Only traders and investment bankers who work in underwriting are likely to receive bigger bonuses in 2020, compared with 2019, according to the report.

Underwriters have been in high demand since March as corporations rushed to raise money during the pandemic, and traders have been handling record-high volumes of transactions as investors looked for opportunities in the volatile markets.

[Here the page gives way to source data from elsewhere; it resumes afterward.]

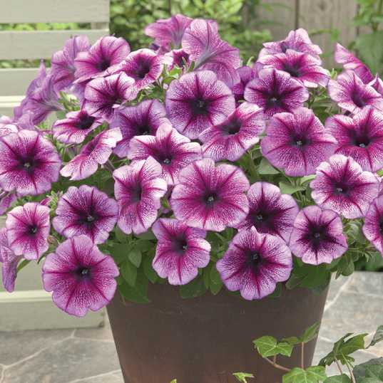 Petunia х hybrida Trilogy - серия гибридных полуампельных петуний каскадного типа! У растения очень короткие междоузлия и обильное цветение, весь сезон она выглядит как " шарик " усыпанный цветами. Плети не наращивает, остается компактной. В рассаде не требует прищипки, кустик сам выпускает боковые побеги. Компактный полусферический габитус,высотой 15-25 см, отличное ветвление, стелющиеся побеги с короткими междоузлиями - все это позволяет практически исключить дополнительное применение регуляторов роста при производстве. Цветы яркие, на солнце не выгорают! Устойчива к дождю.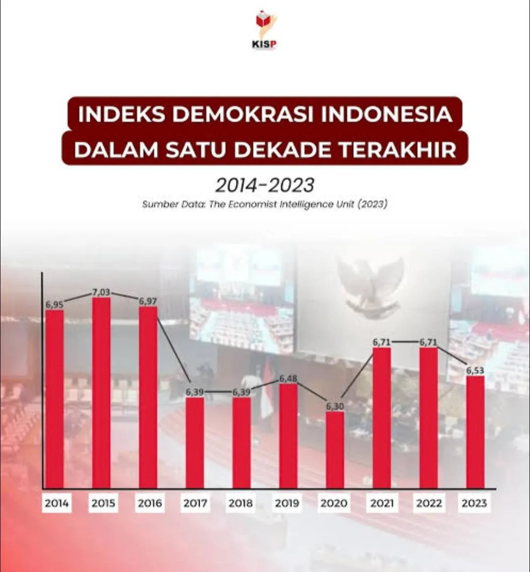 Salah satu indikator yang menggambarkan kemunduran demokrasi di Indonesia dapat dilihat dari laporan The Economist Intelligence Unit (EIU) dalam Democracy Index 2023, di mana Indonesia hanya mendapatkan skor 6,53 dan dikategorikan sebagai “flawed democracy” atau demokrasi cacat. Ini mencerminkan bahwa meskipun pemilu berjalan secara prosedural, kualitas institusi, akuntabilitas pemerintahan, partisipasi publik, dan perlindungan terhadap hak-hak sipil masih lemah. Di tingkat nasional, Lembaga Survei Indonesia (LSI) mencatat bahwa hanya 58,3% masyarakat merasa puas terhadap jalannya demokrasi pada tahun 2023, menurun dari 6,71% pada tahun 2021 sampai 2022.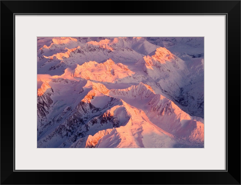 <p>Aerial view of the Chugach Mountain range with sunrise alpenglow hitting the peaks during Winter in Southcentral Alaska</p>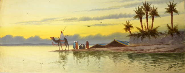 | Arabian Scenes with figures on the shoreline | |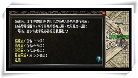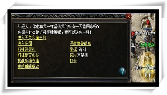 现在所有地图都老兵,都可以传送到相应的地图。安全区四周,都有各种NPC在那里。玩游戏,先把所有NPC的功能弄清楚。因为所有的NPC,都不会无缘无故的站在那里的。一样一样来了解清楚以后,对游戏生涯有很大的帮助。你了解这些功能以后,不会因为要去祖玛大厅,从祖玛寺庙跑步过去,堪比红军长征。新手要习惯使用游戏里有问必答里的彩虹帮助,任何大大小小问题基本上都可以得到答案。
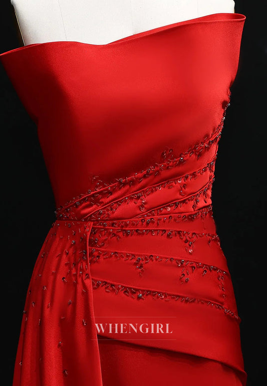 Red Sheath Strapless Pleated Beaded Sleeveless Side Train Evening Formal Dress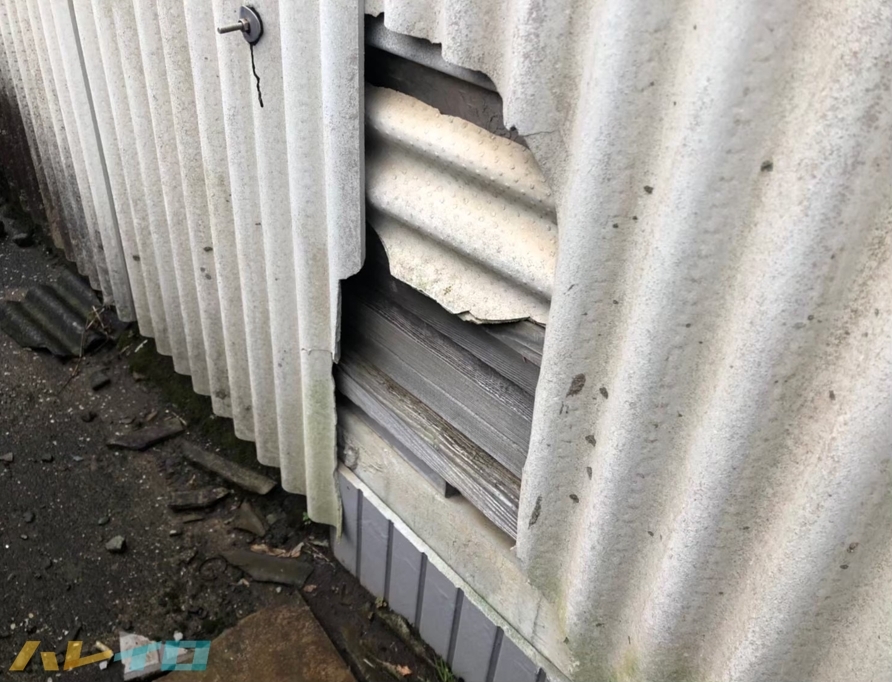 本事例は、令和元年10月12日に発生した台風19号の影響により、屋根のスレート材が飛散したケースです。
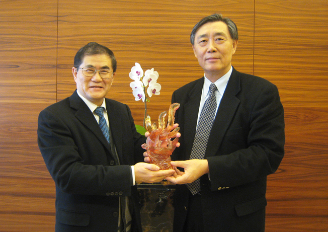 丘进校长与凤凰卫视常务行政副总裁崔强(右)互赠纪念品 |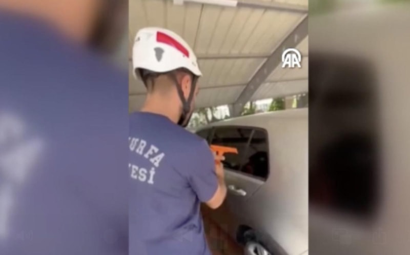 Şanlıurfa'nın Karaköprü ilçesinde otomobilde kilitli kalan bebek, itfaiye ekibince çıkarıldı.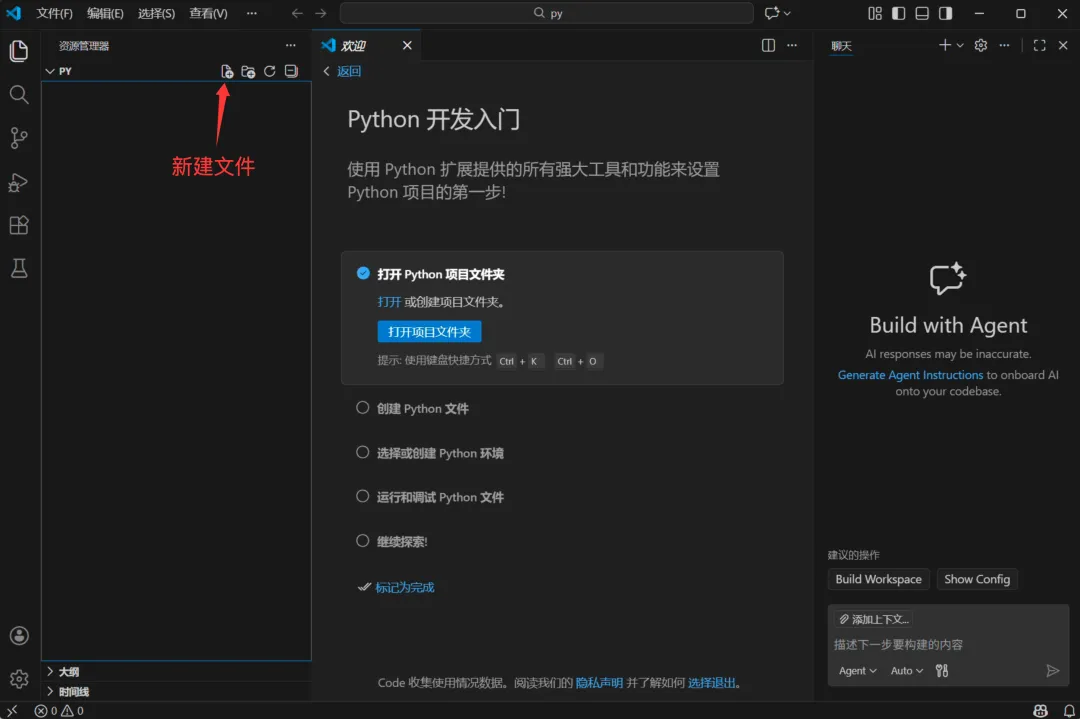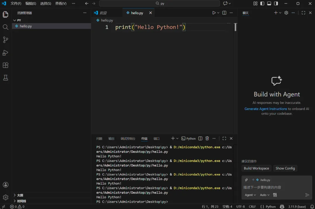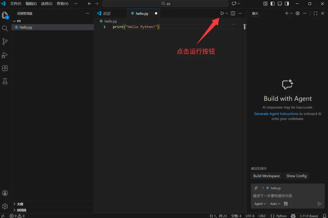 新建文件: hello.py

Conversely, workers in hedge funds, asset management, private equity and retail and commercial banking should expect incentives to shrink by as much as 30%, according to the report.

Layoffs could begin at traditional asset management firms and investment and commercial banking divisions later this year or in early 2021, as banks struggle to make a profit as the pandemic suppressed client activity and threatens to cause loan defaults.

Alan Johnson, author of the report, has said that layoffs this year could be significant. Companies were forced to make quick decisions and cut red tape during the pandemic, and they have recognized fewer employees are needed to do certain jobs, Johnson said.